How do I prove what's written in the title (By saying "made of 1's and -1's" I mean that A contains only the numbers 1 and -1)? I tried using gauss elimination but I don't see how it helps me, and I have no other idea. If any of you could help me or at least give me a hint, It will help me a lot. Thanks!

Answer 1

Hint: Gaussian elimination is definitely (one of) the right way(s) to go. Think about what happens when you've gotten your matrix into upper-triangular form. Can you get $n-1$ factors of $2$ to pop out anywhere and still get the determinant of an integer matrix? Here's a (simple) example:

$$\begin{vmatrix} 1 & 1 & 1 \\ 1 & -1 & 1 \\ -1 & 1 & 1 \end{vmatrix}=\begin{vmatrix} 1 & 1 & 1 \\ 0 & -2 & 0 \\ 0 & 2 & 2 \end{vmatrix}=\begin{vmatrix} 1 & 1 & 1 \\ 0 & -2 & 0 \\ 0 & 0 & 2 \end{vmatrix}=2^2\begin{vmatrix} 1 & 1 & 1 \\ 0 & -1 & 0 \\ 0 & 0 & 1 \end{vmatrix}.$$

Answer 2

Let $A$ be a matrix with entries $\pm 1$ of size $n>1$. The case $n=1$ is immediate.
We are going to transform $A$ in two steps, without altering $\,|\!\det A|\,$:

(1) Take the first column and the first row of $A$ to define diagonal matrices
$C=a_{11}\cdot\operatorname{diag}(a_{11},-a_{21},\dots,-a_{n1})\:$ and $\:R=\operatorname{diag}(a_{11},a_{12},\dots,a_{1n})\,$.
Then $|\!\det C|=|\!\det R|=1$, and multiplying $A$ from the left and the right yields $$CAR\;=\;\begin{pmatrix} 1&1&\cdots &1\\ -1\\ \vdots &&B\\ -1 \end{pmatrix}$$ where $B\,$ is a submatrix of size $n-1$ with entries from {$\pm 1\}$.

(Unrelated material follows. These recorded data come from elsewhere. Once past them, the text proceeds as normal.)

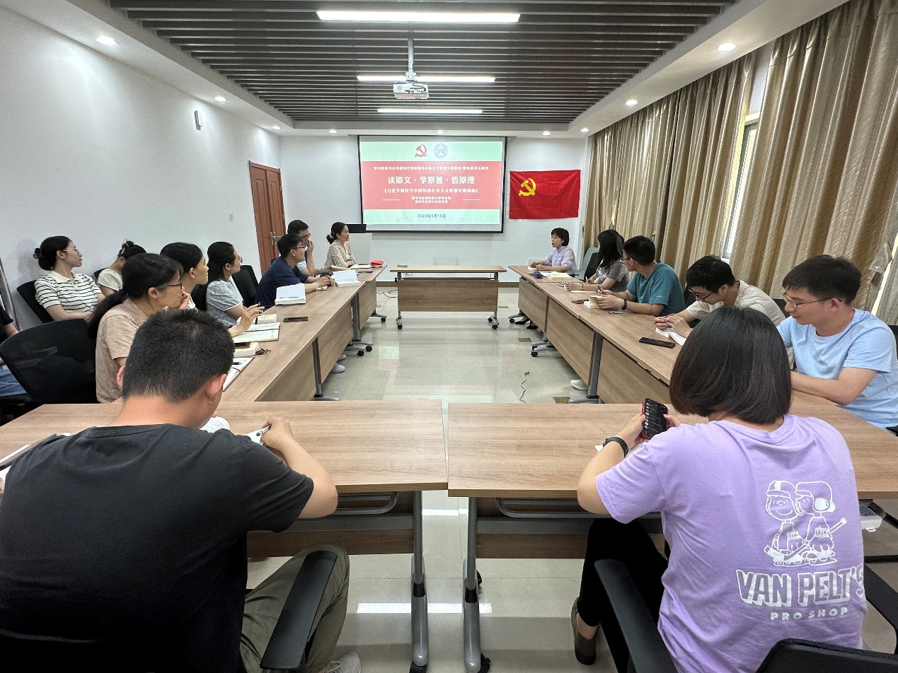 为深入开展学习贯彻习近平新时代中国特色社会主义思想主题教育,6月15日,数学21点竞技游戏 概率统计系党支部、博士生党支部全体党员联合开展“读原文·学原著·悟原理”读书学习会,数学21点竞技游戏 党委副书记周佼佼参加了此次读书会,读书会由概率统计党支部书记任凤丽主持。
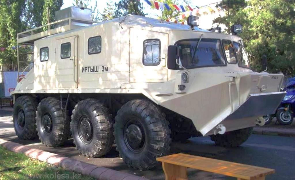 Кузов у него сварен из алюминиевого сплава. Он даже в морской воде не ржавеет. Лёгкий. Значит достаточно экономичный. И четыре оси, как у БТРа. Это значит, что он почти как гусеничный по проходимости. Кстати, о БТРах… их сейчас с хранения продают частникам в безоружном исполнении. И некоторые их покупают, восстанавливают, дооборудуют и получается очень даже живучий плавающий бронеавтомобиль. Вот такой, например:
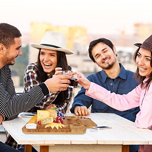 GROOVED SERVING RIM: The rectangle wooden board kit holds a huge assortment food like crackers, chips, bread, fruit or wine around the center of the board and can be used in any travel to the beach for a picnic. Impress your guests with fantastic presentation of their favorite snacks and charcuterie all ready and accessible.
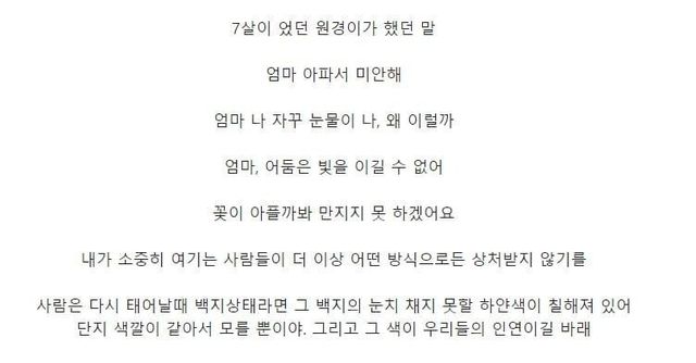 내일도 행복했으면 좋겠다라고 써져 있었다고함 ㅠㅠ
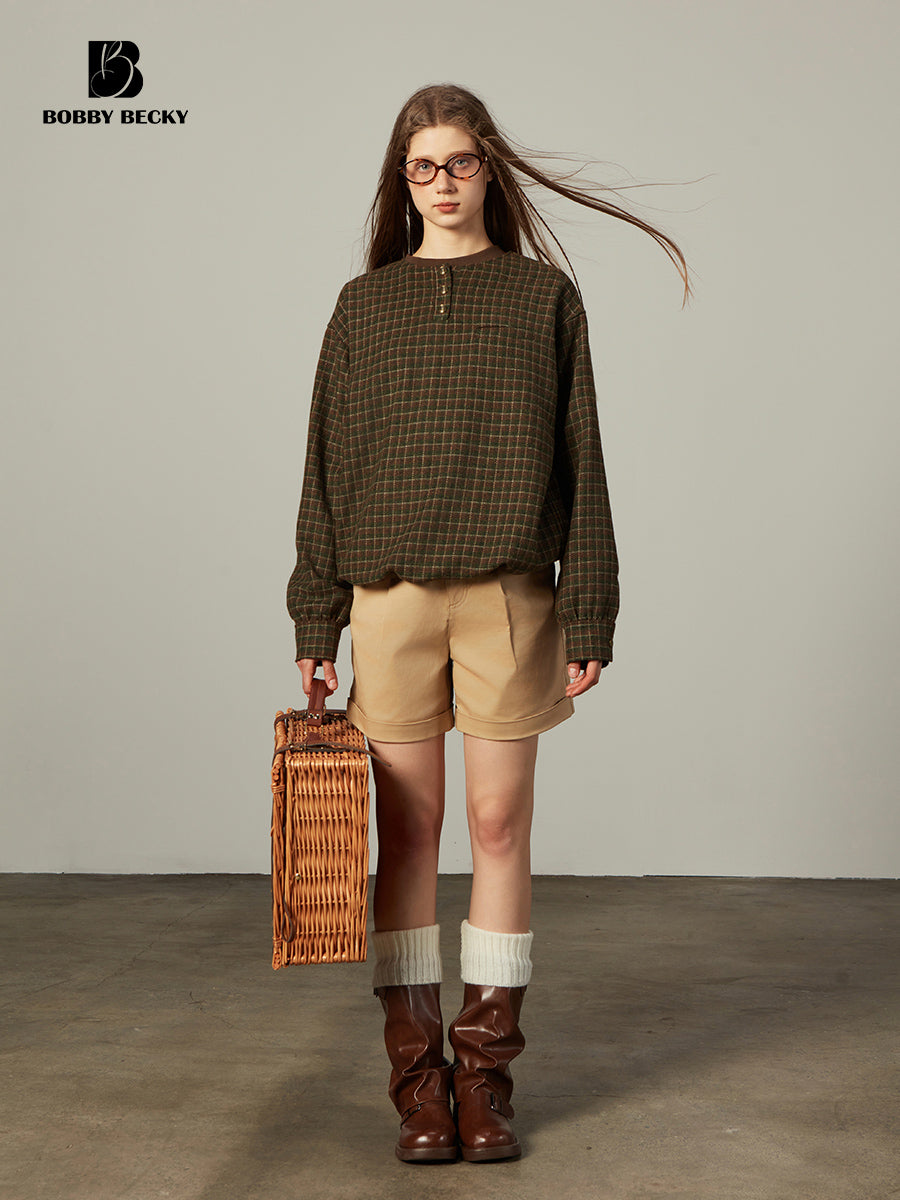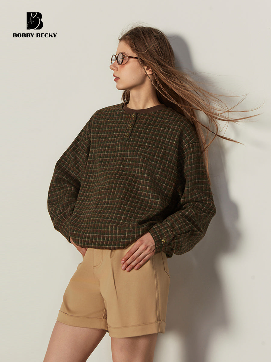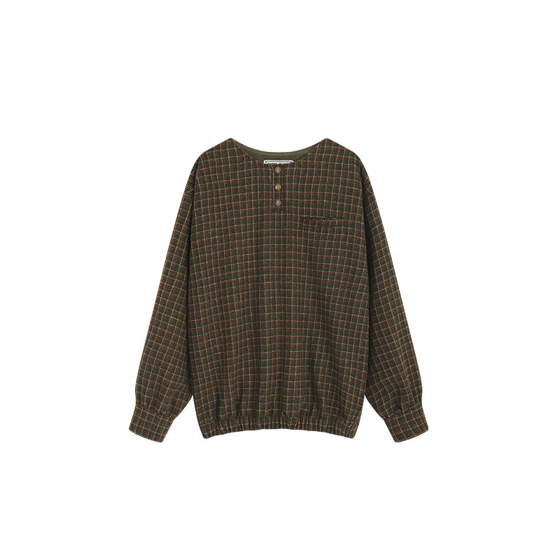 Plaid Relaxed Fit Wool Blend Pullover Sweater

(2) Now let's add the first row in the $CAR\,$ to all the other rows to obtain $$\begin{vmatrix} 1&1&\cdots &1\\ -1\\ \vdots &&B\\ -1 \end{vmatrix} \quad=\quad \begin{vmatrix} 1&1&\cdots &1\\ 0\\ \vdots &&2\cdot B'\\ 0 \end{vmatrix}$$ and $B'$ has entries in $\{1,0\}$. Furthermore, $B'$ is singular iff $A$ is singular (also true if $n=2$).

Reaping the fruit of the preceding steps one has $$\begin{align}|\!\det A|&\;=\;|\!\det(CAR)|\;=\;2^{n-1}\,|\!\det B'|\\[2ex] &\;\geqslant\;2^{n-1},\end{align}$$ as claimed for non-singular $A$.